Review by T. L. Needham.

“A poem begins as a lump in the throat, a sense of wrong, a homesickness, a lovesickness.” Robert Frost

Robert Frost is the poet who launched my love of poetry. He is my gage for judging other poets. His complete works was the first poetry book I acquired and began the collection on my bookcase. I read Frost’s poems The Road Not Taken and Stopping By Woods on a Snowy Evening so many times I memorized them.

Dan Burns has now earned a place in my bookcase of great poets and great poetry. He is not a rookie. He has six other books to his credit, including the novels A Fine Line, Recalled to Life, and the short story collections, Grace: Stories and a Novella and No Turning Back: Stories. In addition, Burns is an award-winning writer of stories for the screen and stage. A Necessary Explosion: Collected Poems, his first poetry collection, was fifteen years in the making.

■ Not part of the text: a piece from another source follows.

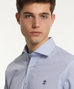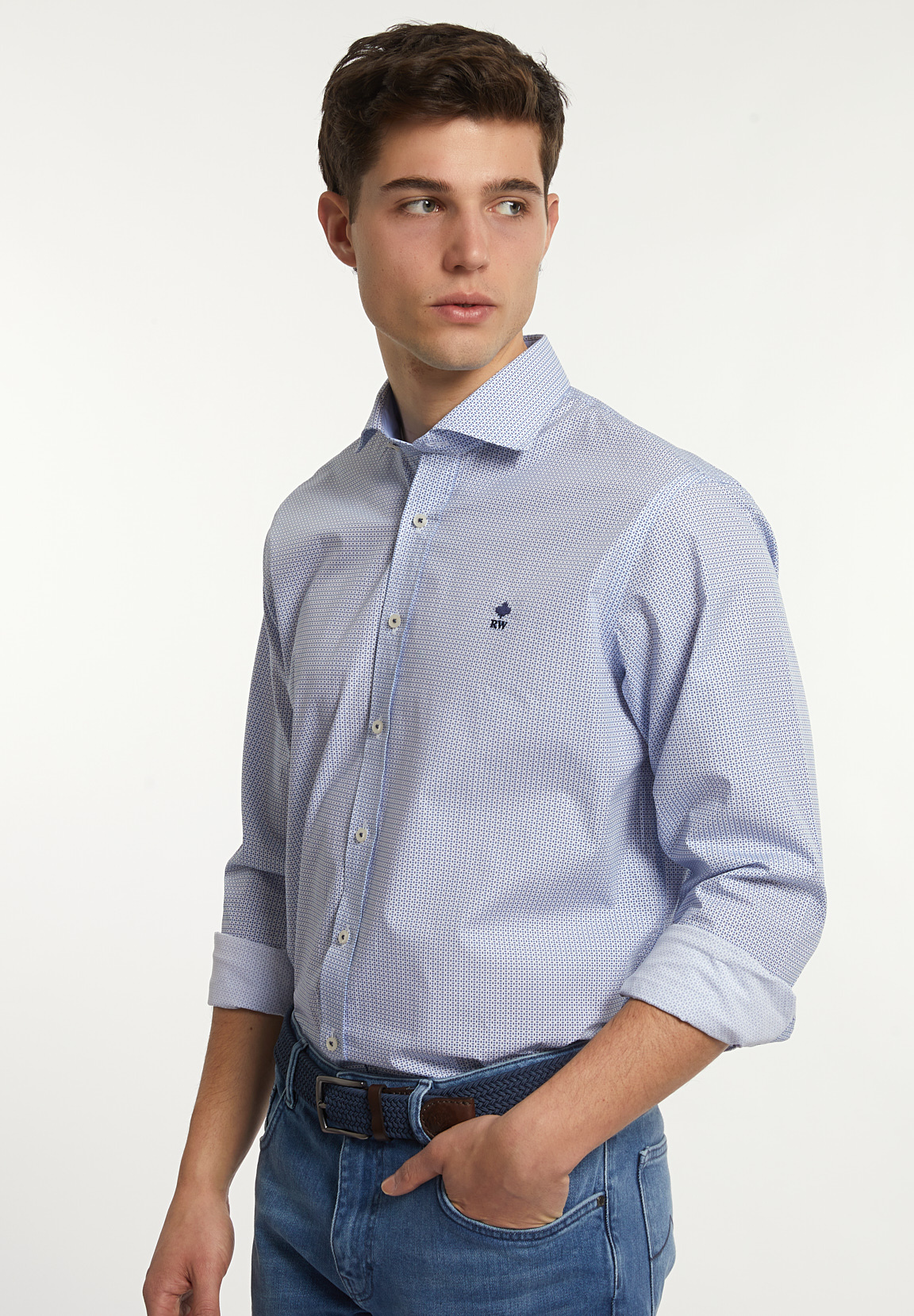 River Woods Men’s Regular Fit Cotton Fantasy Shirt Blue-white | Blue
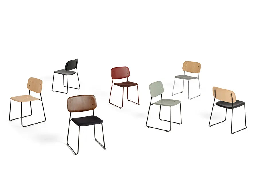Soft Edge 50 Sled stolen fra Hay er designet af designduoen Iskos-Berlin. Den simple og elegante stol giver et let udtryk og har den smarte funktion af de kan stables. Det brede rygstykke giver god støtte og komfort. Denne version af stolen er med sædepolstring. Vælg mellem flere varianter.

Burns opens his collection of poems with a quote from Ray Bradbury. He is a titan of American authors and screenwriters and is among the most celebrated 20th-century American writers: “Every morning I jump out of bed and step on a landmine. The landmine is me. After the explosion, I spend the rest of the day putting the pieces together.”

Midway into Burns’ collection, he gives us his poem A Necessary Explosion which yields a collection of the pressures, impressions, ideas, conflicts, and criticisms that influence the author in his daily creative frenzy. His is a poetic voice seeking release in the explosion of conflicting influences, presenting a brilliant insight into the creative process involved in giving birth to a poem.

Another poem, A Call from Home, opens with a booming phone call from a distant, unknown yet familiar voice that beckons the poet to the Emerald Isle. There he discovers and reveals his genetic lineage to the Irish people as each new face seems to be family. As a reader, I was not surprised to learn that Dan Burns is of Irish heritage, linked to a pedigree of the great Irish poets, including many of my favorites: W. B. Yeats, S. Beckett, S. Heaney, T. Moore. Burns’ poetry does justice to this great Irish heritage.

Near the end of this wonderful poetry collection, I came upon a gem titled No Words Are Necessary. This enchanting love poem touched my heart so much that I turned to my dear wife and read it to her, suggesting it could have been written just for us. The ending of this poems says it all: “I am you, and you are me.”

Thus, I close by expressing my greatest admiration for this extraordinary collection of poems. I have no criticism, only praise, and I know I will revisit these wonderful verses again and again. Congratulations to Mr. Dan Burns, very well done.